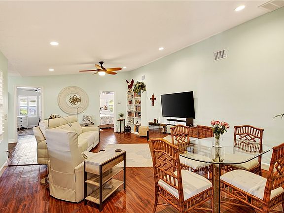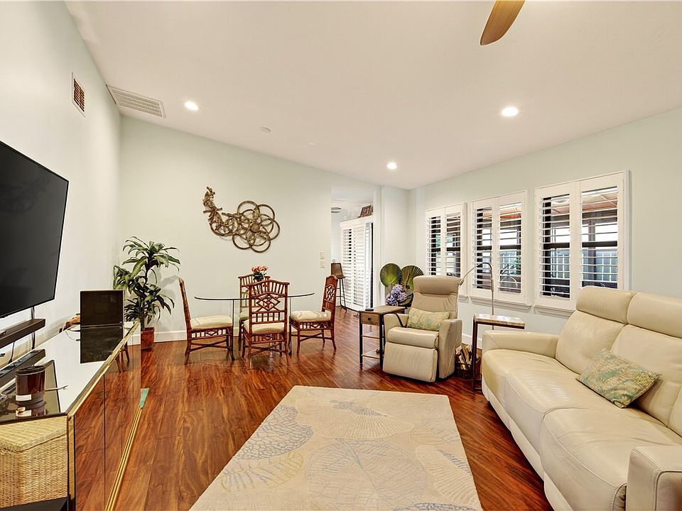 Find your perfect match in this pet friendly community. Vaulted ceilings & sleek floors run thru-out the smart split-plan design. Your inner chef will swoon over the granite & stainless steel kitchen. Plantation shutters add style while clever built-ins conquer clutter. Generously sized bathrooms have sprawling counter space making your morning routine chaos-free. Your huge, covered & screened patio is an extension of your home w/plenty of space for lounging & dining blissfully mosquito-free. A new fence ensures total privacy. Forget weekend chores-lawncare & exterior maintenance are handled.
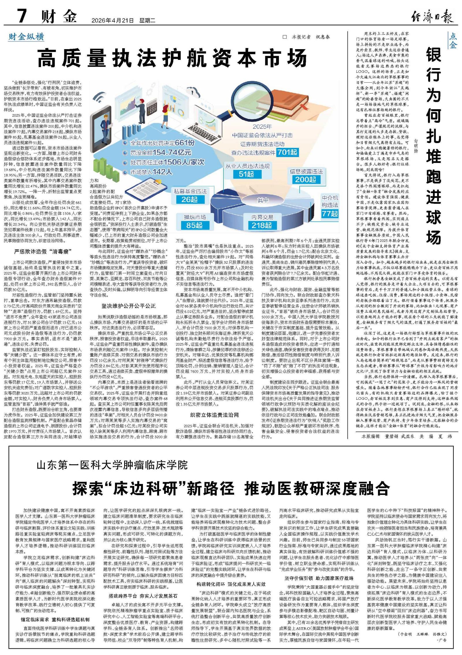 此外,强化与财政、国资、金融监管等部门协作,同向发力。联合财政部查办紫天科技及审计机构北京亚泰系列违法行为,北京亚泰被暂停经营业务,注册会计师被吊销执业证书,“首恶”被终身市场禁入,合计罚没5000余万元。中国人民大学法学院教授刘俊海表示,资本市场财务造假需要标本兼治,关键在于夯实制度基础、提升监管效能。从制度建设层面,他建议,进一步完善投资者友好型法律规范体系。同时,对于上市公司财务造假造成的投资者损失,应进一步打通相关绿色通道,确保受害投资者获得及时、足额赔偿,激活惩罚性赔偿制度与特别代表人诉讼制度。要防止出现不区分具体案情一概“罚了不赔”或“赔了不罚”的执法司法现象,切实增强公众投资者的幸福感、获得感与安全感。
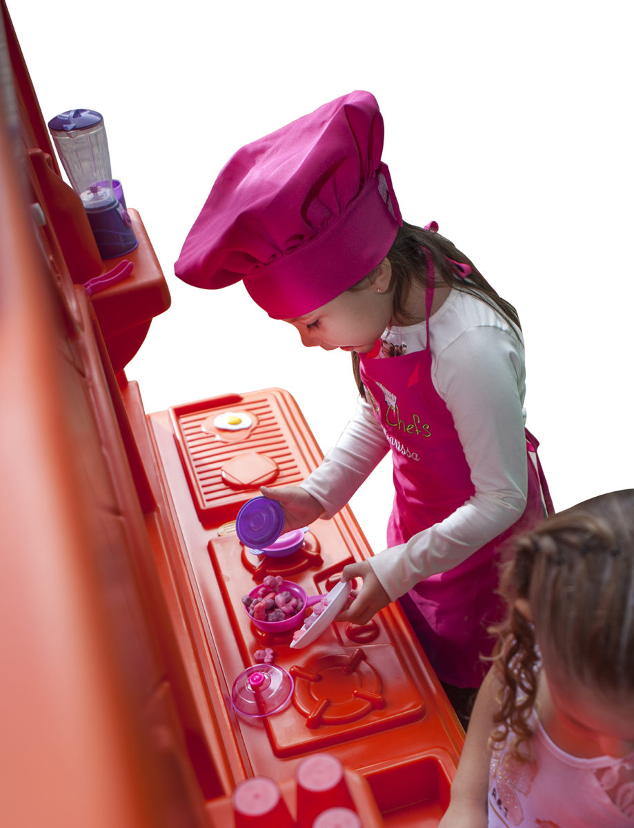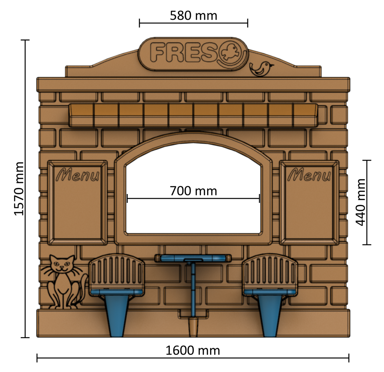• uma parede contendo internamente pia, fogão de 3 bocas, escorredor de pratos, chapa com alto-relevo simulando x-burger e ovo frito, relógio com ponteiros móveis, tampa de forno em alto-relevo, 2 nichos retangulares, 2 prateleiras altas com garrafas em alto-relevo, portinhas de micro-ondas e frigobar, ampla abertura que permite visualização da parte externa. A parte externa contém 1 mesinha retrátil, 2 banquinhos fixos, ampla janela, 2 quadros de aviso para escrever, figura de gatinho em alto-relevo e pequena saliência em forma de toldo.
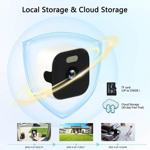 - [Cloud Storage & Local Storage] You can store the video on micro SD card (up to 256GB, not included) or cloud service (optional subscription) to ensure your data is safe and avoid the risk of losing important content
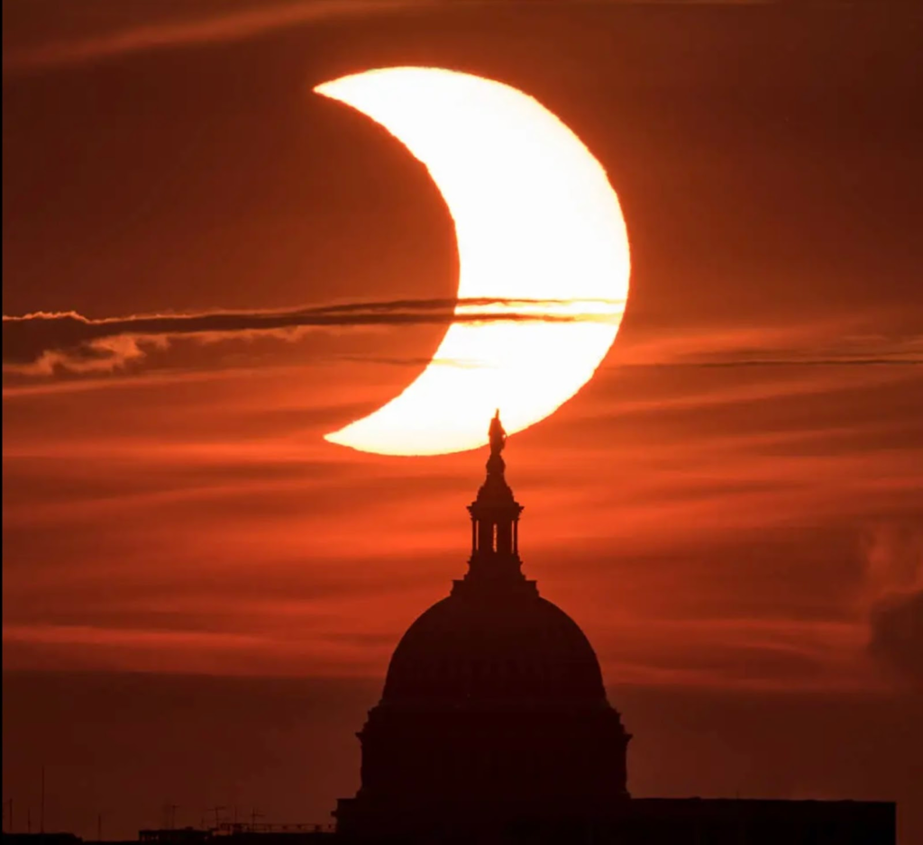 (A partial solar eclipse as photographed on June 10, 2021. Image Credits: NASA/Bill Ingalls)
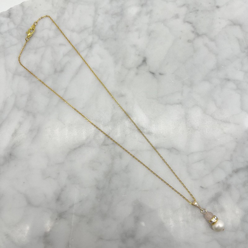 GenuinePearl & Rose Quartz Gemstone Gold Plated Pendant Necklace
....
- Your task:
Copy the material exactly. Do not include the pictures.

- Answer to this task:
 Find your perfect match in this pet friendly community. Vaulted ceilings & sleek floors run thru-out the smart split-plan design. Your inner chef will swoon over the granite & stainless steel kitchen. Plantation shutters add style while clever built-ins conquer clutter. Generously sized bathrooms have sprawling counter space making your morning routine chaos-free. Your huge, covered & screened patio is an extension of your home w/plenty of space for lounging & dining blissfully mosquito-free. A new fence ensures total privacy. Forget weekend chores-lawncare & exterior maintenance are handled.
 此外,强化与财政、国资、金融监管等部门协作,同向发力。联合财政部查办紫天科技及审计机构北京亚泰系列违法行为,北京亚泰被暂停经营业务,注册会计师被吊销执业证书,“首恶”被终身市场禁入,合计罚没5000余万元。中国人民大学法学院教授刘俊海表示,资本市场财务造假需要标本兼治,关键在于夯实制度基础、提升监管效能。从制度建设层面,他建议,进一步完善投资者友好型法律规范体系。同时,对于上市公司财务造假造成的投资者损失,应进一步打通相关绿色通道,确保受害投资者获得及时、足额赔偿,激活惩罚性赔偿制度与特别代表人诉讼制度。要防止出现不区分具体案情一概“罚了不赔”或“赔了不罚”的执法司法现象,切实增强公众投资者的幸福感、获得感与安全感。
• uma parede contendo internamente pia, fogão de 3 bocas, escorredor de pratos, chapa com alto-relevo simulando x-burger e ovo frito, relógio com ponteiros móveis, tampa de forno em alto-relevo, 2 nichos retangulares, 2 prateleiras altas com garrafas em alto-relevo, portinhas de micro-ondas e frigobar, ampla abertura que permite visualização da parte externa. A parte externa contém 1 mesinha retrátil, 2 banquinhos fixos, ampla janela, 2 quadros de aviso para escrever, figura de gatinho em alto-relevo e pequena saliência em forma de toldo.
 - [Cloud Storage & Local Storage] You can store the video on micro SD card (up to 256GB, not included) or cloud service (optional subscription) to ensure your data is safe and avoid the risk of losing important content
 (A partial solar eclipse as photographed on June 10, 2021. Image Credits: NASA/Bill Ingalls)
 GenuinePearl & Rose Quartz Gemstone Gold Plated Pendant Necklace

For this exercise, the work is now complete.